Thursday, May 05, 2005

Smoking Bans -- A case of "What is seen and what is unseen"

Posted by Craig Westover | 3:24 PM |  

WARNING: This post contains explicit economic theory and is recommended for a mature audience. Some cognitive dissonance may not be appropriate for smoking ban proponents. Intellectual discretion is advised.


Those that frequently read this blog know that I am a big fan of Henry Hazlitt’s "Economics in One Lesson" and the 19th century French economist Frederic Bastiat on whose theory of “what is seen and what is not seen” much of Hazlitts’s book is based. The validity of Bastiat’s theory is no where more evident than in the aftermath of Twin Cities area smoking bans.

What Bastiat writes of economists can also be said of do-gooders that would influence public policy without regard for ALL the consequences of its implementation.


There is only one difference between a bad economist and a good one: the bad economist confines himself to the visible effect; the good economist takes into account both the effect that can be seen and those effects that must be foreseen.
Case in point.

Today I received an email for a person who makes -- or rather made -- his living supplying tobacco-related products to bars and restaurants. The Twin Cites was his primary market, and today, business has completely disappeared. Like a good businessman, he sought new customers outside the metro area, but uncertainty about more local bans and a possible statewide smoking ban on bars and restaurants has killed any potential business there as well. He writes --


So I went to the Hennepin County Family Court Bldg. to file a Motion to modify/ temporarily cancel child support, and it occurred to me that all bar and restaurant owners managers need to remind their laid off employees who pay child support to do the same, if they don't have immediate prospects elsewhere.

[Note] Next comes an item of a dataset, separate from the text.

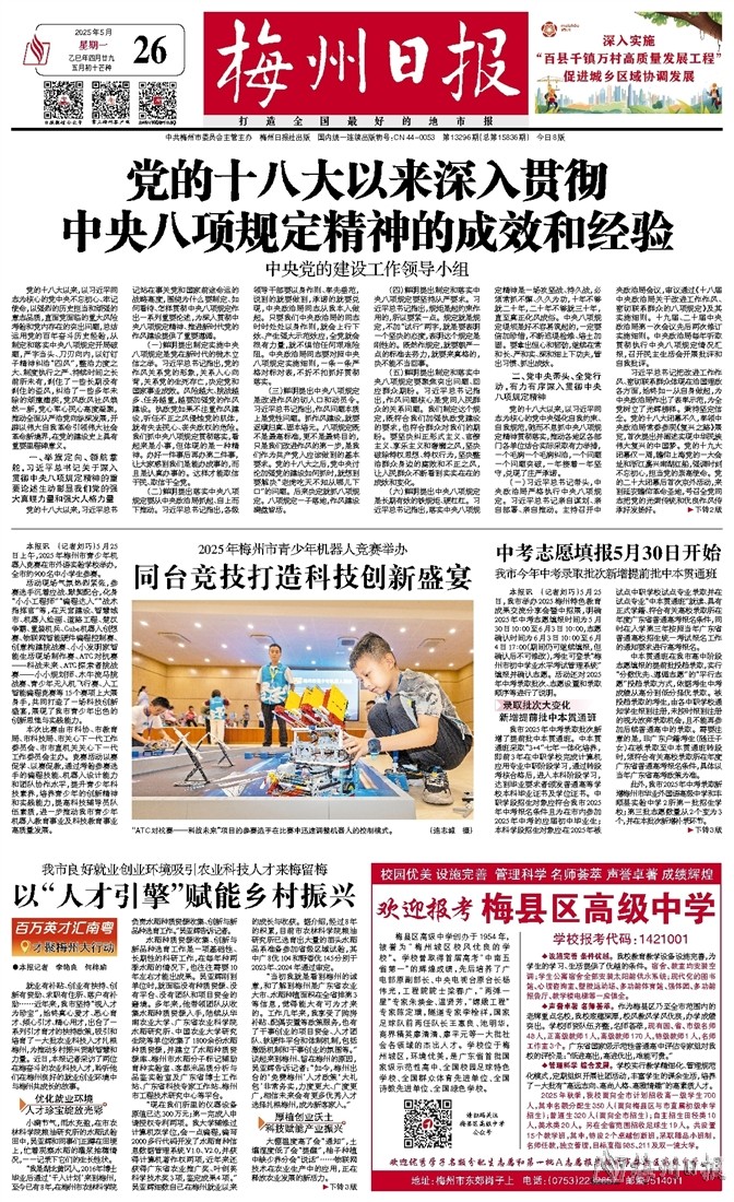 本报讯 (记者刘巧)5月25日,我市举办2025梅州特色教育成果交流分享会暨中招展,明确2025年中考志愿填报时间为5月30日10∶00至6月3日10∶00,志愿确认时间为6月3日10∶00至6月4日17∶00(期间仍可继续填报,但确认后不可修改),考生可登录“梅州市初中学业水平考试管理系统”填报并确认志愿。活动还对2025年中考录取批次、志愿设置和录取顺序等进行了说明。
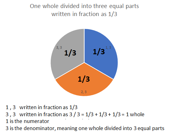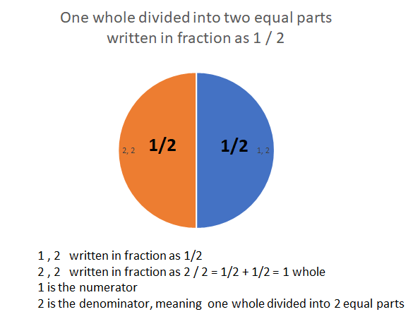 Below you see examples of fraction. Fraction can also be written in decimal. You will learn to understand and how to write in decimal in higher mathematics.

I was told by family court workers an unusually high number of people have recently been doing the same due to the lost business in the hospitality industry, post-smoking ban. However, the family court division said they won't be compiling the numbers to provide to county commissioners or city council members.
Just a blip, one might argue, on the scale of the great good of banishing the menace of secondhand smoke from bars and restaurants, which is the “present good” that is visible today. What is not seen today, and either not foreseen or actively ignored by smoking ban proponents, is the myriad individuals like the e-mailer who through no fault of their own suddenly find themselves out of work and in many cases without prospects because of the smoking ban.

They have dependents that suffer collateral damage from their loss of employment as do the businesses they patronize. The affects ripple through the community unnoticed by non-smoking patrons that with a “that’s what welfare is for” attitude can now enjoy a smoke-free meal anywhere they want without the bother of those pesky property rights of business owners getting in the way.

And because theses souls are dispersed, unrelated by anything but the negative affect of the smoking ban on their livelihoods, they remain unseen by smoking ban proponents proclaiming the pleasantness of a smokeless bar.

Cut it any way you like, the smoking ban issue boils down to the evil of destroying the concepts of private property and freedom of choice for the convenience of those that would rent the power of government to subvert free choice in a free market.